### Problem details
Please write out exactly the lines from the opening of the listing through the line that holds "The SAYSKY Map", including both, and nothing else; no pictures.

### Given data
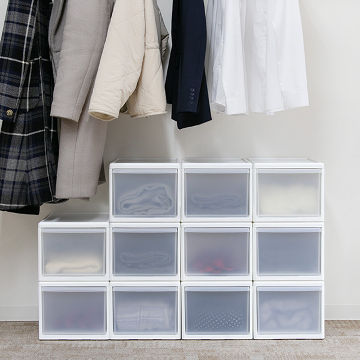 中身を隠したい場合にも引き出しの前面に色紙や壁紙を切り取った物を貼れば、自分の好きな柄に変更してもいいなと思いました。クローゼット上で使用する場合は、高いところの荷物の出し入れがしにくいので使用頻度の低い物の収納に向いています。
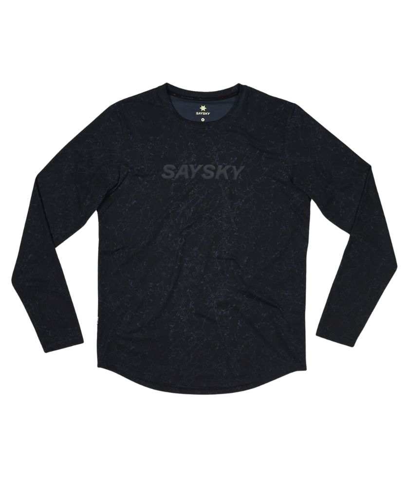 The SAYSKY Map Blaze Long Sleeve is a men's running t-shirt with the Copenhagen Origins all-over print. It comes with black SAYSKY logos on the front and back right hip. The fit is regular and designed to provide you with comfort and a high level of performance on the run. The shirt comes with a reflective print on the back.
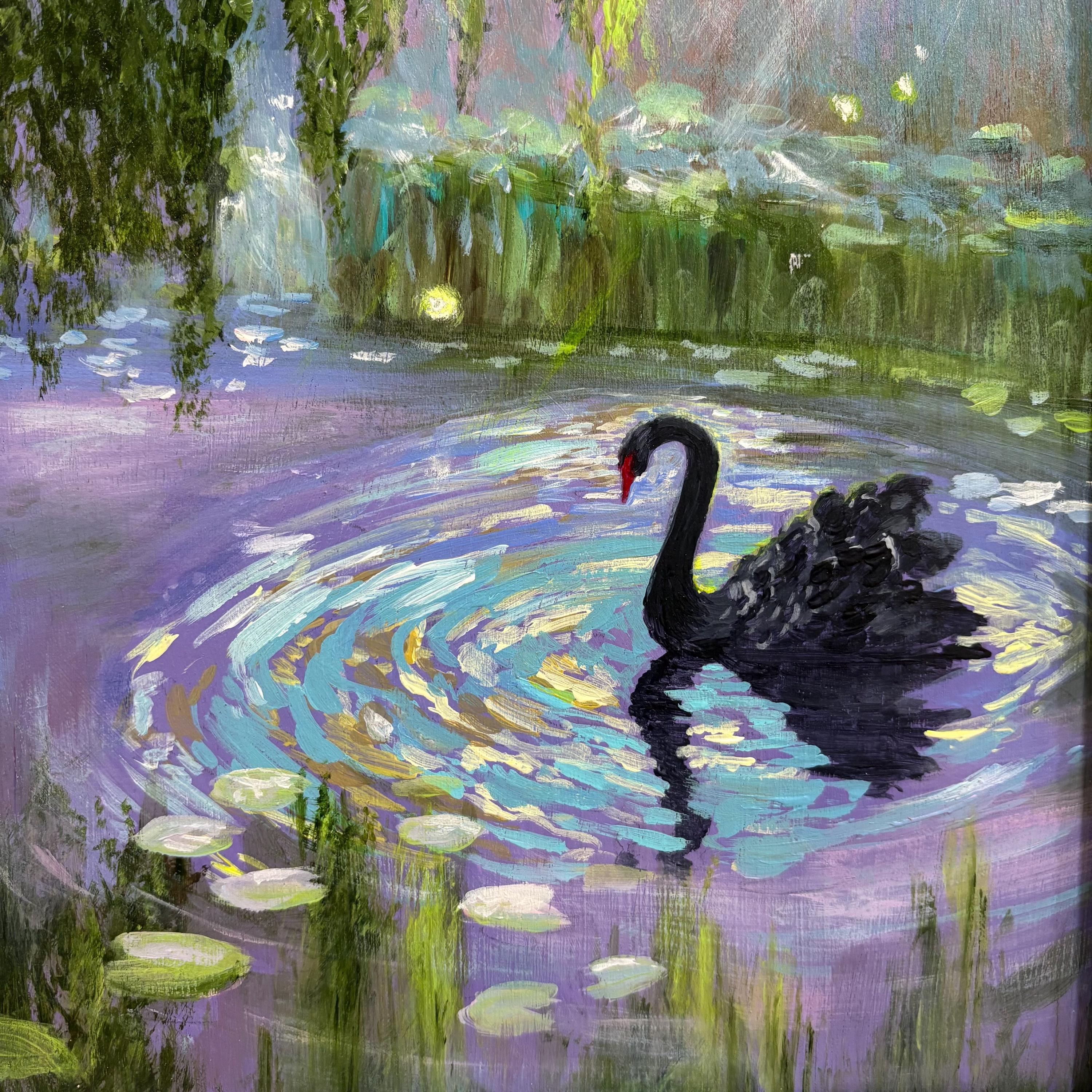 This original black swan acrylic painting by Melissa Maxwell Davis features a graceful swan gliding across a quiet pond beneath a flowing willow tree, creating a scene filled with elegance, calm, and natural beauty.

### Exercise response
 中身を隠したい場合にも引き出しの前面に色紙や壁紙を切り取った物を貼れば、自分の好きな柄に変更してもいいなと思いました。クローゼット上で使用する場合は、高いところの荷物の出し入れがしにくいので使用頻度の低い物の収納に向いています。
 The SAYSKY Map Blaze Long Sleeve is a men's running t-shirt with the Copenhagen Origins all-over print. It comes with black SAYSKY logos on the front and back right hip. The fit is regular and designed to provide you with comfort and a high level of performance on the run. The shirt comes with a reflective print on the back.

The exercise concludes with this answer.